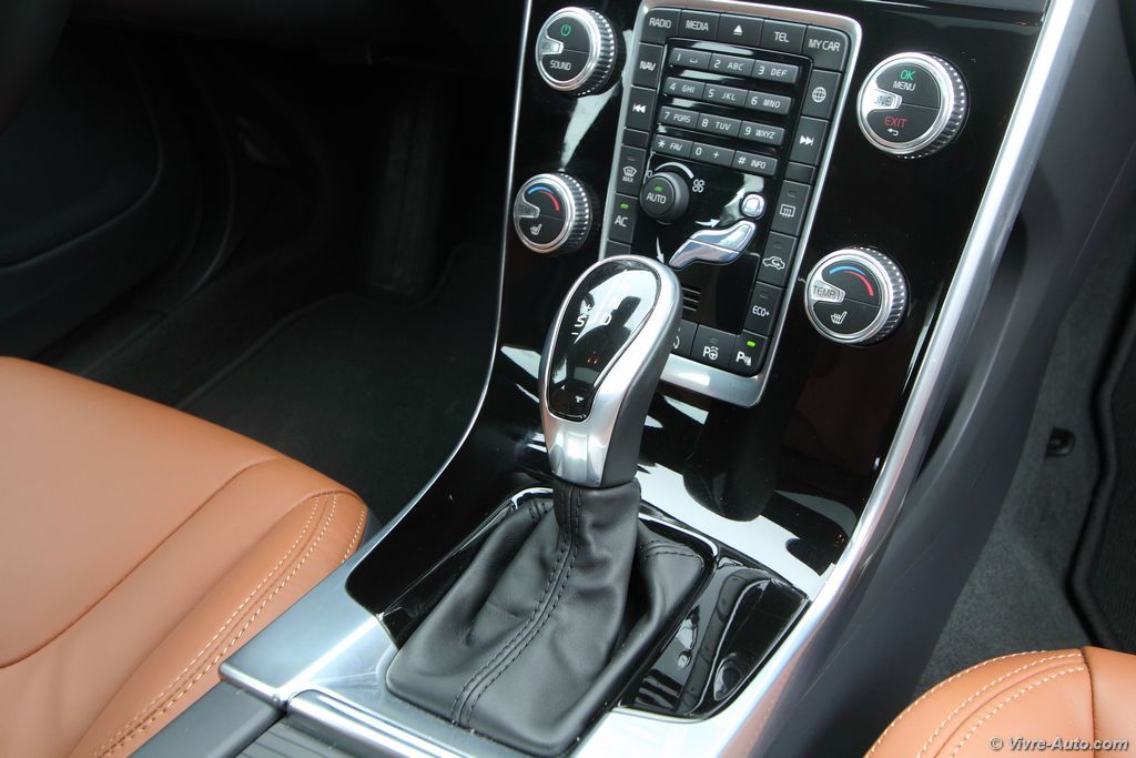 La Geartronic et ses huit rapports est un exemple de douceur et de réactivité, cette boîte est une réussite et augmente considérablement l’agrément de conduite. De plus elle n’engendre pas énormément de consommation supplémentaires par rapport à la transmission mécanique. Il faut le dire, ce D4 est extrêmement sobre, il dispose de la technologie i-ART qui, grâce à son système de régulation du débit de chaque injecteur, réduit considérablement les consommations. Ajouté à cela que la Geartronic tend à rouler à régime constant, on obtient un beau résultat. En enchaînant autoroute, agglomération et montagne notre moyenne s’est retrouvée sous les 6,5 l/100 km. Tant pis donc pour le cinq cylindres, ce nouveau bloc est une réel réussite. Sobre et performant, pas mieux ! Malgré nos jantes de 18 pouces, la S60 s’est montrée plutôt confortable et son châssis, sans être dynamique, efficace. Petit bémol, un rayon de braquage un peu long.
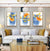 Tableau Abstrait Bleu et Orange, Triptyque, feuilles d'automne.
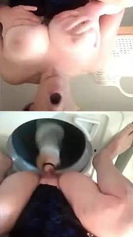 Nasty girl washing her sexy ass with cum
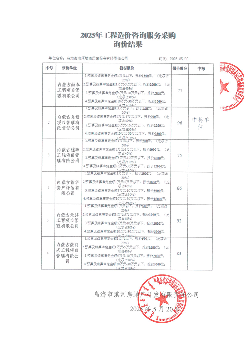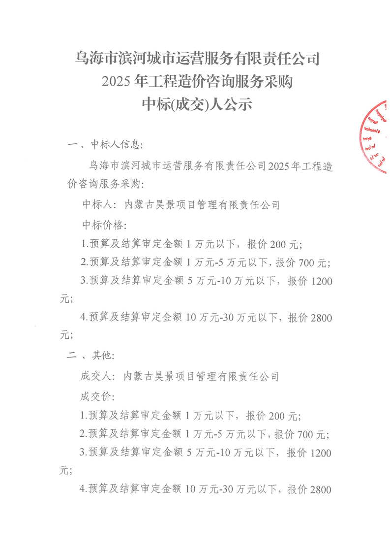 烏海市濱河城市運(yùn)營(yíng)服務(wù)有限責(zé)任公司2025年工程造價(jià)咨詢(xún)服務(wù)采購(gòu)中標(biāo)(成交)人公示

## What you will do
Exactly as written, restate the lines from the one that contains "Tableau Abstrait Bleu" through the final line of the data, both ends included, but leave out the pictures.

## Written answer
 Tableau Abstrait Bleu et Orange, Triptyque, feuilles d'automne.
 Nasty girl washing her sexy ass with cum
 烏海市濱河城市運(yùn)營(yíng)服務(wù)有限責(zé)任公司2025年工程造價(jià)咨詢(xún)服務(wù)采購(gòu)中標(biāo)(成交)人公示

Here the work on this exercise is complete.